» **Problem to solve**
From the first line of the material through the line that holds "The writ of", repeat each line exactly and skip any picture.

» **Exercise materials**
----

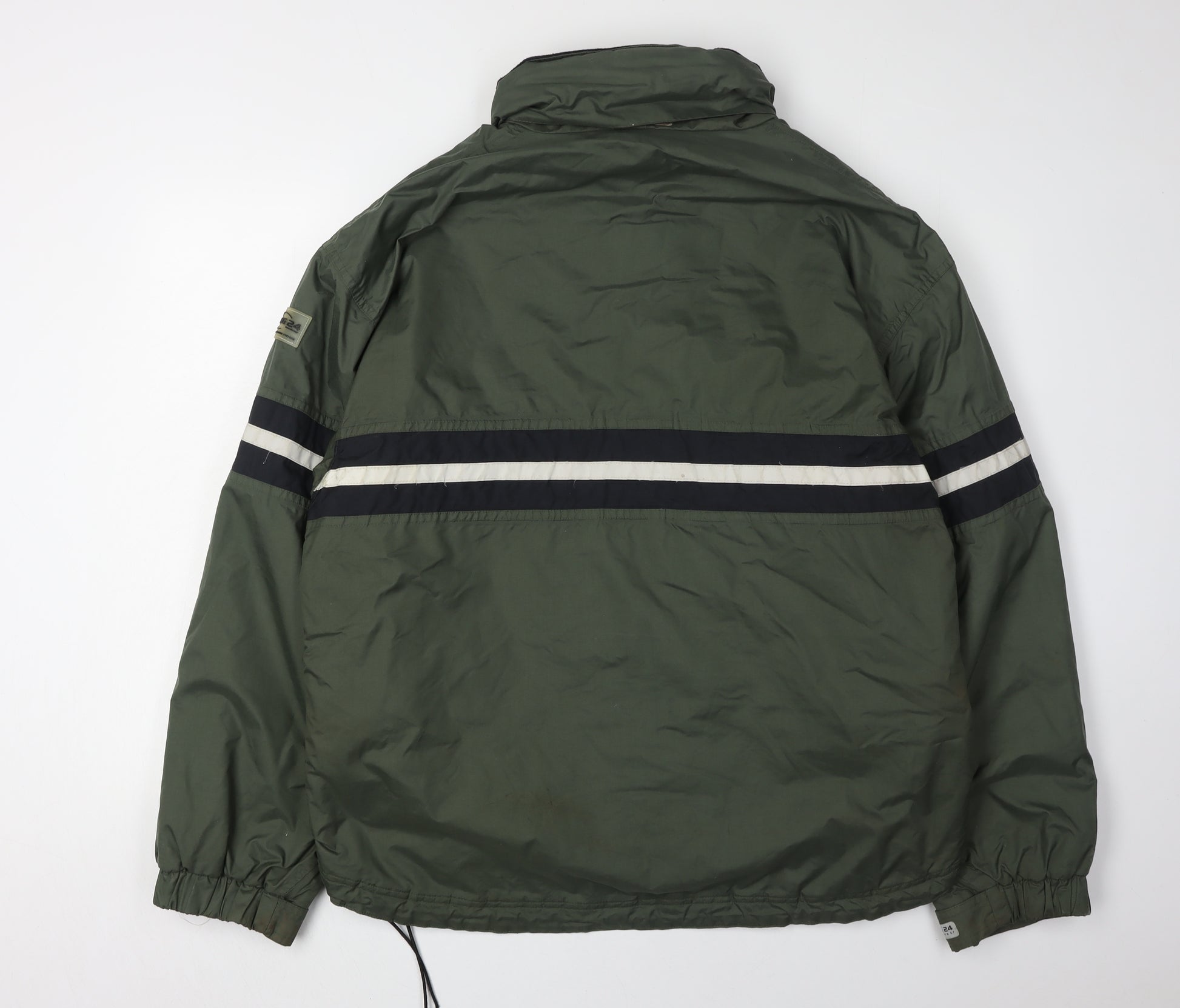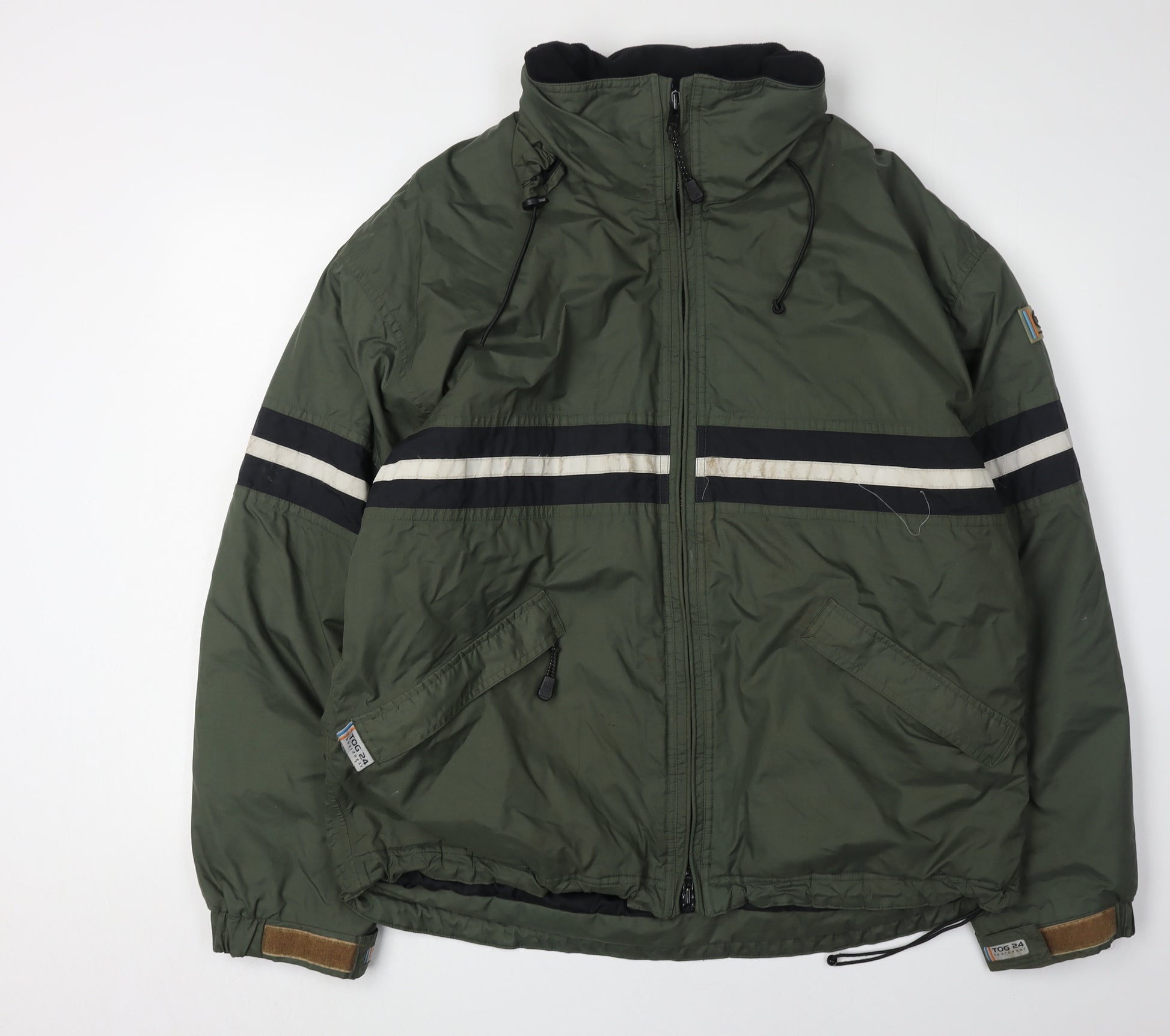 Stay warm and comfortable with the TOG 24 Men's Green Puffer Jacket, perfect for casual outings and winter sports. Crafted with a durable blend of nylon and polyester, this hooded jacket features a full zip closure with convenient pockets for practicality. The mid-length cut and regular fit ensure a snug, comfortable wear, while the jacket's stand-up collar provides additional warmth. Ideal for skiing and other outdoor winter activities, this jacket remains machine washable for easy care. Despite some slight stains on the stripes, this jacket remains in good condition, bringing functionality and style to your cold-weather wardrobe.
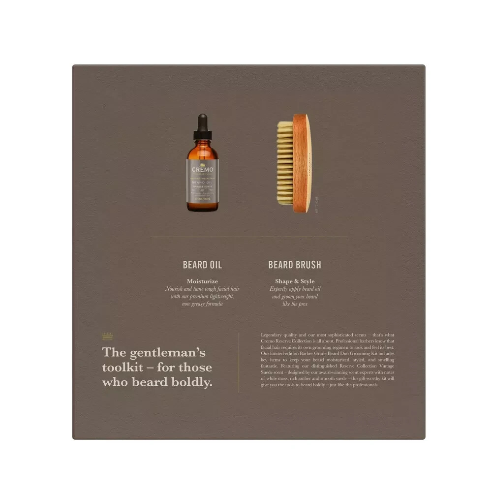 Cremo Beard Oil Reserve Collection VINTAGE SUEDE Beard Brush, 2 Piece Set
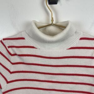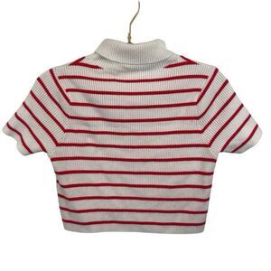 Callahan Revolve White Red Striped Short Sleeve Turtleneck Cropped Sweater Sz S
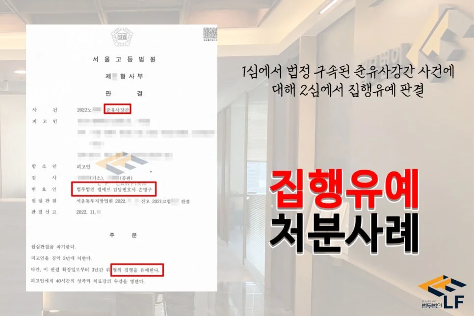1심에서 법정 구속된 준유사강간 사건에 대해 2심에서 집행유예 판결
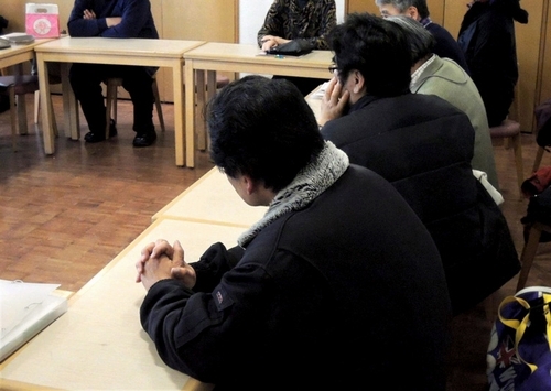 갬블 의존증으로의 회복을 목표로 하는 그룹에서, 서로의 체험담을 이야기를 주고 받는 참가자들=도쿄도 치요다구
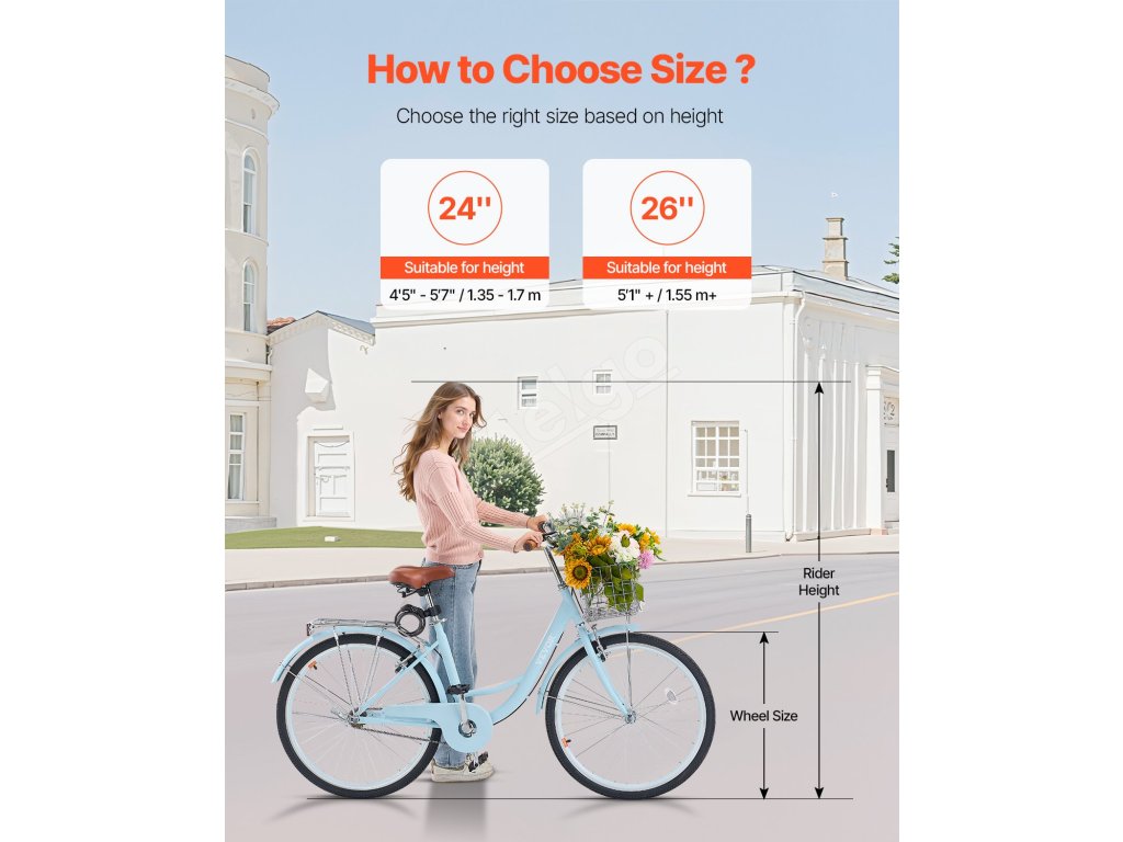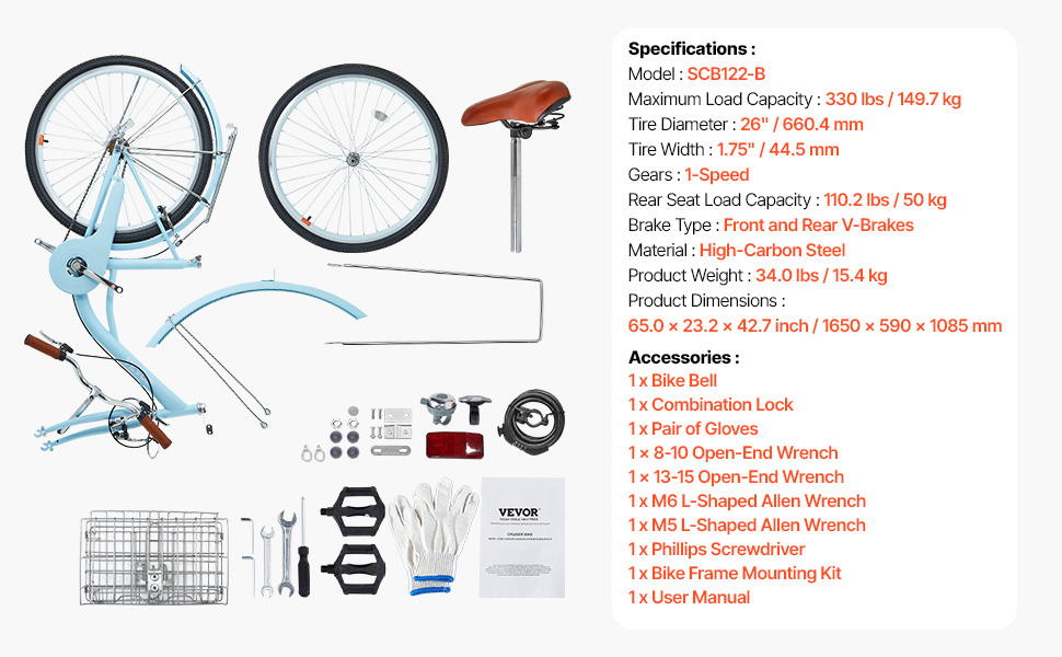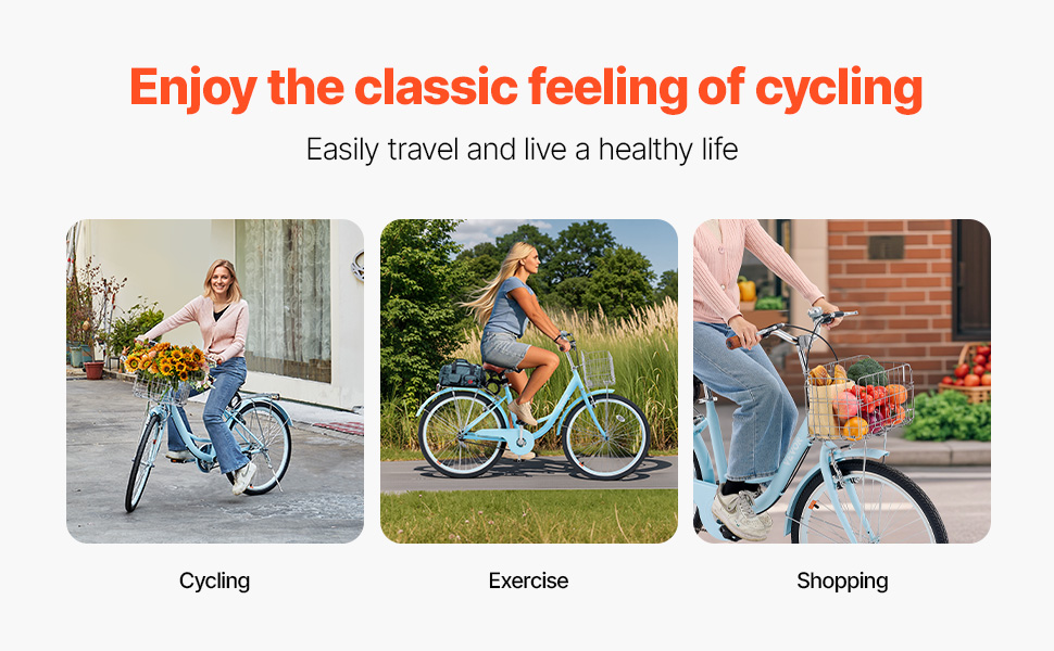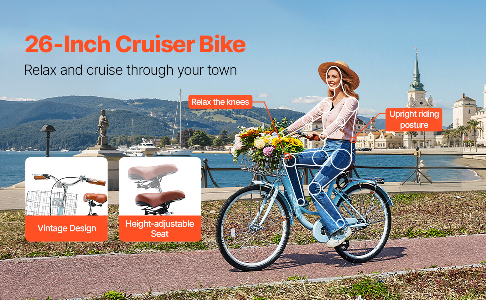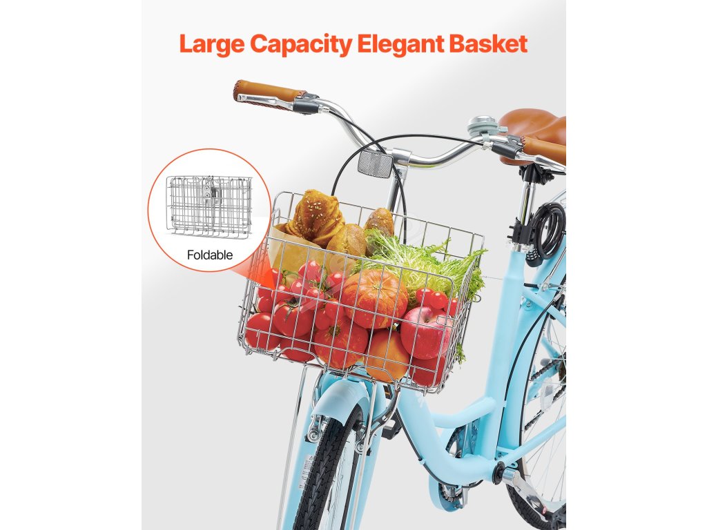 Tento štýlový retro cruiser bicykel má ergonomický dizajn, skladací košík s nepremokavou vložkou a robustný rám pre plynulú jazdu v meste a na predmestí. Jednorýchlostný systém sa ľahko používa, takže je ideálny pre seniorov, začiatočníkov a tých, ktorí majú stále trasy.
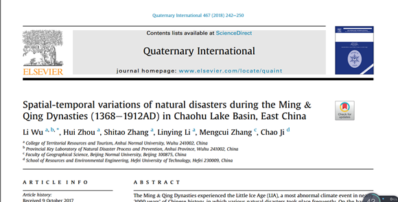 吴立副教授团队在国际知名地学期刊《Quaternary International》上发表最新研究成果“Spatial-temporal variations of natural disasters during the Ming & Qing Dynasties (1368-1912AD) in Chaohu Lake Basin, East China”。中国是典型的季风区,季风气候的不稳定性,导致中国气象灾害频繁发生,严重危害了国民经济和人民生命财产安全。地处中国东部北亚热带与暖温带湿润季风气候过渡区的巢湖流域在历史上水、旱、蝗、风、雪雹、地震等自然灾害频繁发生,已成为制约以合肥为中心的安徽省会都市圈社会经济持续发展的重要因素之一。过去对于巢湖流域历史自然灾害的研究,主要集中在对单一灾害或旱涝灾害的统计分析研究方面,而巢湖流域自然灾害的历史资料中,相对完整地记录着灾害发生时间和地点、灾害种类、受灾损失等情况。因此,通过将历史纯文字叙述描述量化,研究历史自然灾害的时空分布特征,对探讨当前灾害形成演化规律及防灾减灾措施具有重要的借鉴意义。该研究得到了国家自然科学基金项目(41771221,41401216)和中国科学院数字地球重点实验室开放基金项目(2015LDE012)的资助。论文第二作者、2017级硕士生周慧同学以及第三作者本科生张诗陶同学等参与了核心研究工作。
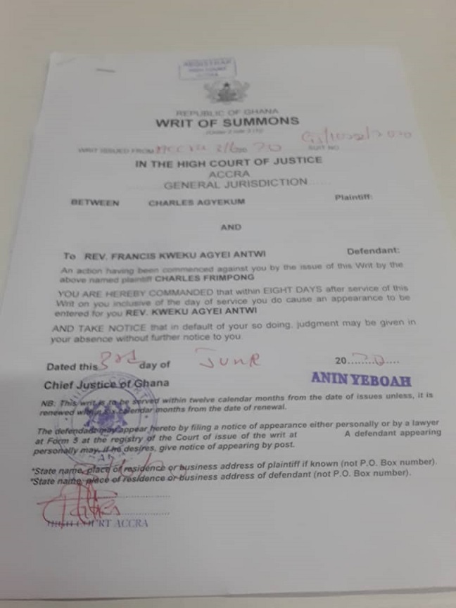 The writ of summon which was issued on June 3, 2020 states that Reverend Obofour has eight days to cause an appearance or have judgement passed in his absence.
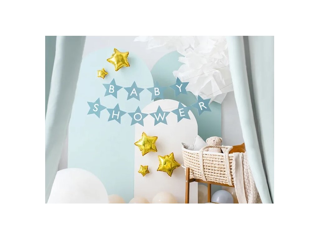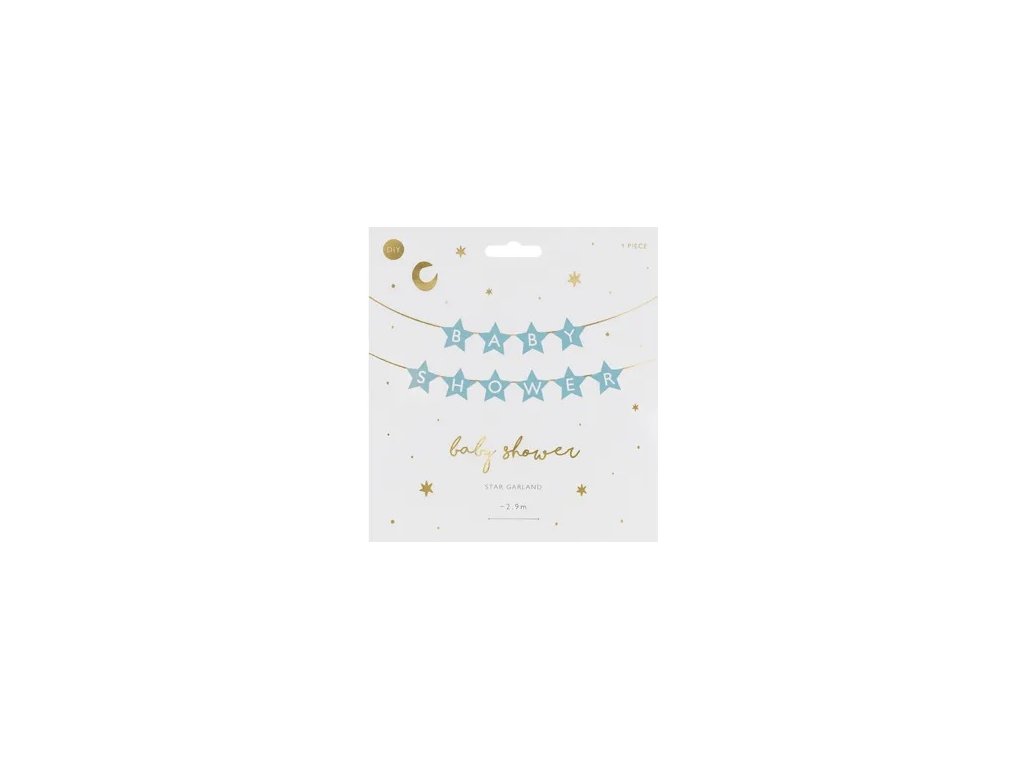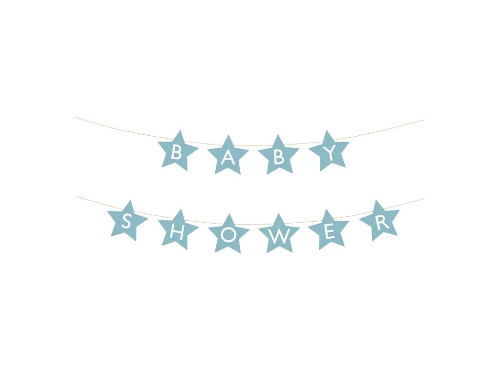 Transparent ve tvaru hvězdy s nápisem Baby Shower z papíru ve světle modré barvě, rozměry provázku cca 3 m.
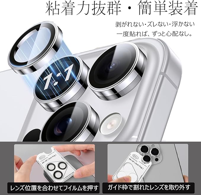 iPhone 17Pro/17 Pro Max/16 Pro/16 Pro Max 用 カメラ保護 レンズカバー 耐衝撃 ARコーティング 高透過率キズ防止 チタン合金 9H いphone17pro 16pro カメラ保護 レンズフィルム 黒縁取り 露出オーバー防止 粘着性強い 貼りやすい 17プロ・16プロ ・17プロマックス用 レンズフィルム (シルバー)

----

» **Exercise response**
 Stay warm and comfortable with the TOG 24 Men's Green Puffer Jacket, perfect for casual outings and winter sports. Crafted with a durable blend of nylon and polyester, this hooded jacket features a full zip closure with convenient pockets for practicality. The mid-length cut and regular fit ensure a snug, comfortable wear, while the jacket's stand-up collar provides additional warmth. Ideal for skiing and other outdoor winter activities, this jacket remains machine washable for easy care. Despite some slight stains on the stripes, this jacket remains in good condition, bringing functionality and style to your cold-weather wardrobe.
 Cremo Beard Oil Reserve Collection VINTAGE SUEDE Beard Brush, 2 Piece Set
 Callahan Revolve White Red Striped Short Sleeve Turtleneck Cropped Sweater Sz S
1심에서 법정 구속된 준유사강간 사건에 대해 2심에서 집행유예 판결
 갬블 의존증으로의 회복을 목표로 하는 그룹에서, 서로의 체험담을 이야기를 주고 받는 참가자들=도쿄도 치요다구
 Tento štýlový retro cruiser bicykel má ergonomický dizajn, skladací košík s nepremokavou vložkou a robustný rám pre plynulú jazdu v meste a na predmestí. Jednorýchlostný systém sa ľahko používa, takže je ideálny pre seniorov, začiatočníkov a tých, ktorí majú stále trasy.
 吴立副教授团队在国际知名地学期刊《Quaternary International》上发表最新研究成果“Spatial-temporal variations of natural disasters during the Ming & Qing Dynasties (1368-1912AD) in Chaohu Lake Basin, East China”。中国是典型的季风区,季风气候的不稳定性,导致中国气象灾害频繁发生,严重危害了国民经济和人民生命财产安全。地处中国东部北亚热带与暖温带湿润季风气候过渡区的巢湖流域在历史上水、旱、蝗、风、雪雹、地震等自然灾害频繁发生,已成为制约以合肥为中心的安徽省会都市圈社会经济持续发展的重要因素之一。过去对于巢湖流域历史自然灾害的研究,主要集中在对单一灾害或旱涝灾害的统计分析研究方面,而巢湖流域自然灾害的历史资料中,相对完整地记录着灾害发生时间和地点、灾害种类、受灾损失等情况。因此,通过将历史纯文字叙述描述量化,研究历史自然灾害的时空分布特征,对探讨当前灾害形成演化规律及防灾减灾措施具有重要的借鉴意义。该研究得到了国家自然科学基金项目(41771221,41401216)和中国科学院数字地球重点实验室开放基金项目(2015LDE012)的资助。论文第二作者、2017级硕士生周慧同学以及第三作者本科生张诗陶同学等参与了核心研究工作。
 The writ of summon which was issued on June 3, 2020 states that Reverend Obofour has eight days to cause an appearance or have judgement passed in his absence.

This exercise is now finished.